Changes
Key: Additions Deletions
Common practices:
Several institutions and projects have large databases with cross-linguistic typological information on a number of languages. (List with links to be added.) The information has generally been gathered over some years from published grammars, one's own fieldwork, consultations with experts, etc. and represents an extremely large outlay of time and resources. In some cases language data is solicited in return for authorship credit for that portion of the database. Ways that database owners might provide peer review for these contributions have occasionally been discussed but probably never implemented.

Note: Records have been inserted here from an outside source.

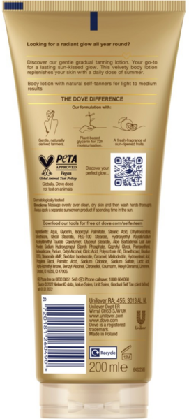 - Лосьйон-автозасмага для тіла Dove Summer Revived Від світлого до середнього 200 мл
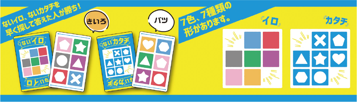 - 山札に書かれた「ないイロ」もしくは「ないカタチ」を探していち早く答える。(「三角!」や「青色!」など)
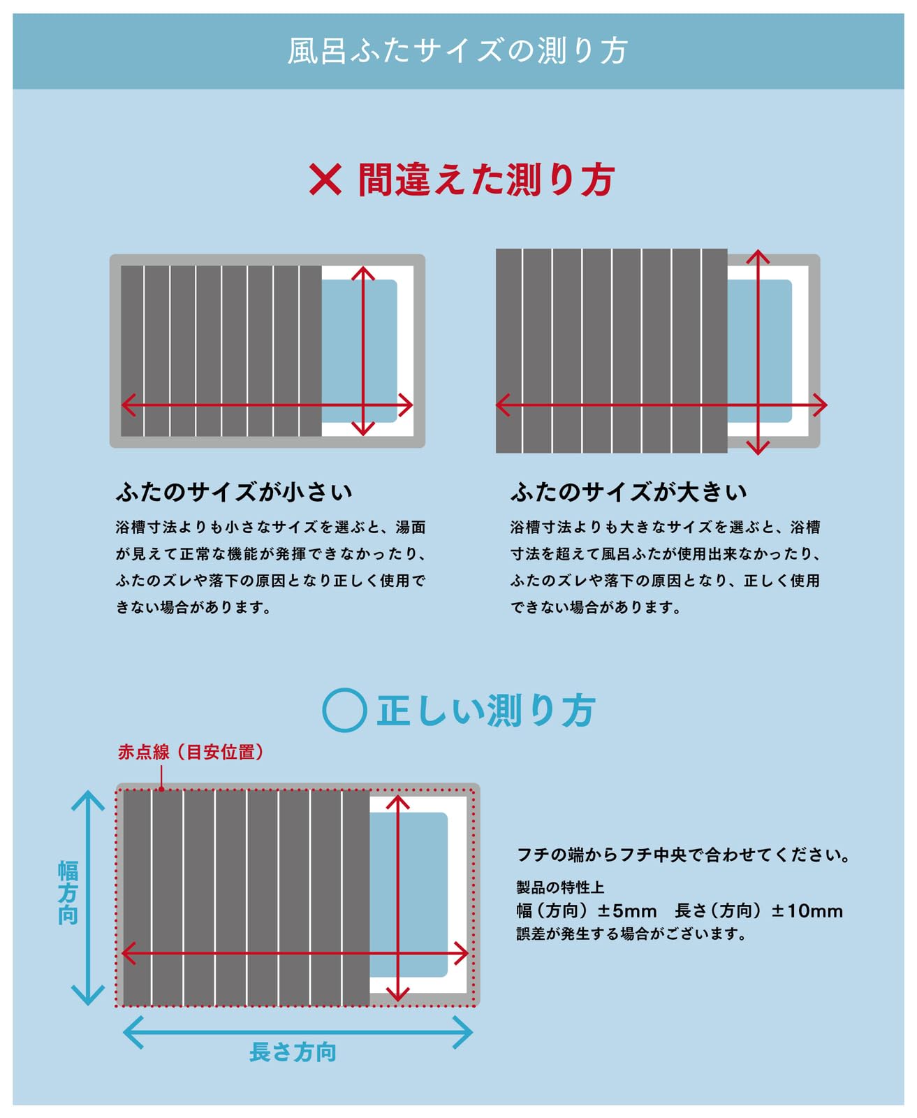 ■商品を選びの際は浴槽のふちに十分かかるサイズをお選びください■商品の特性上、幅方向に対して±5mm 長さ方向に対して±10mm程度の誤差が生じる場合がございます
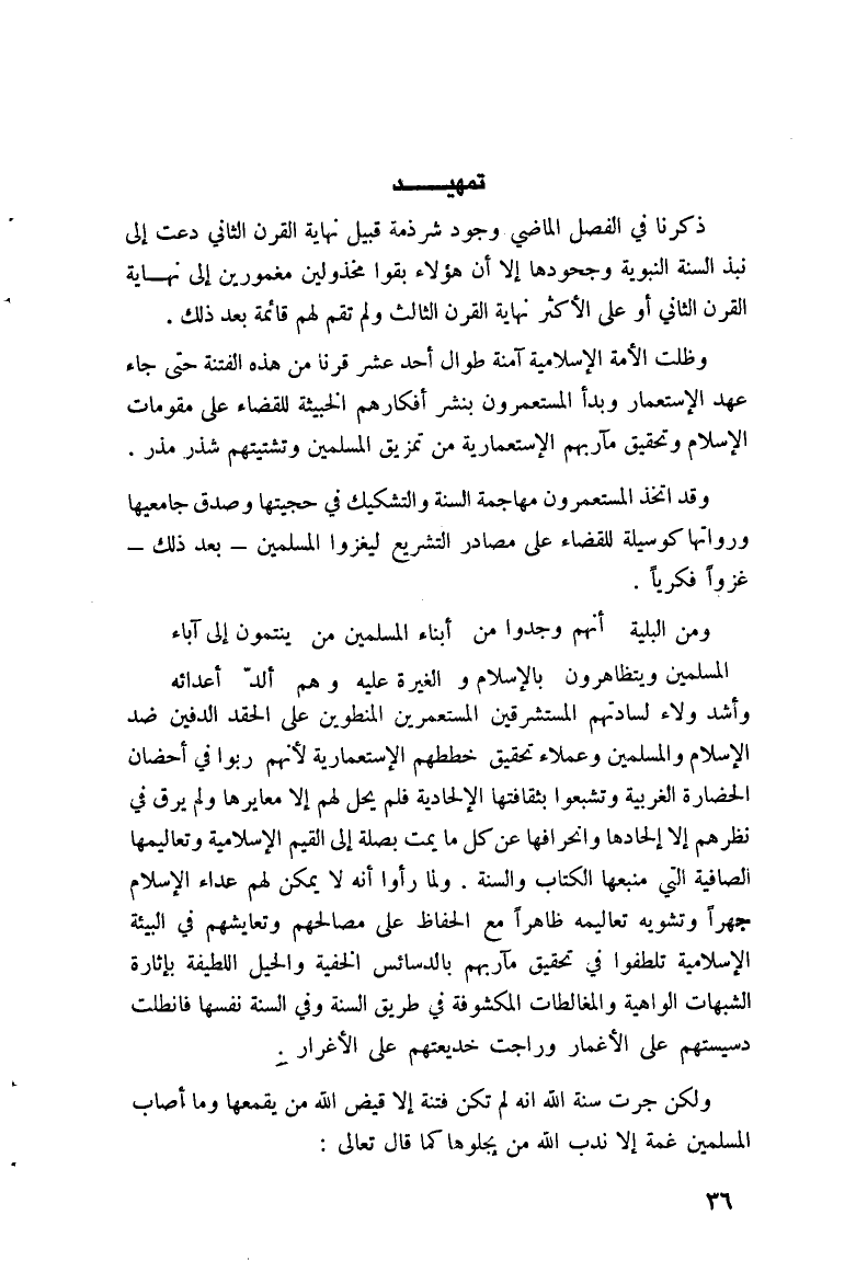 وظلت الأُمَّةُ الإسلامية آمنة طوال أحد عشر قرنًا من هذه الفتنة حتى جاء عهد الاستعمار وبدأ المستعمرون بنشر أفكارهم الخبيثة للقضاء على مقومات الإسلام وتحقيق مآربهم الاستعمارية من تمزيق المسلمين وتشتيتهم شذر مذر.

Several projects make some or all of their data available, via a search interface or as downloadable data files. There are no field-wide standards for content of fields, data format, etc. but this does not seem to be an obstacle to finding and using data. It is standard to link data to language names using ISO codes. There is a growing consensus that data is most useful if it is free of one's own lumpings (thus, e.g., not "large/medium/small" for inventories of elements such as morphological cases or phonemes, but the actual number; not "VO/OV" but an actual specific basic word order).
Needed practices:
Consensus on how to give database authors and owners credit for their work while also making data publicly available. Practices include: Make data publicly available and request a citation. Offer data on request in exchange for citation. Offer data on request in exchange for coauthorship. (All three models are used in other fields.)
Peer review for databases as a whole. (This is separate from the question of how the database owner obtains peer review for individual contributions to the database.) Accuracy of entries and usefulness, comprehensiveness, empirical and theoretical adequacy, etc. of data categories need review.
Appropriate credit (on one's CV and with one's employing institution or prospective employer) for creation and maintenance of databases.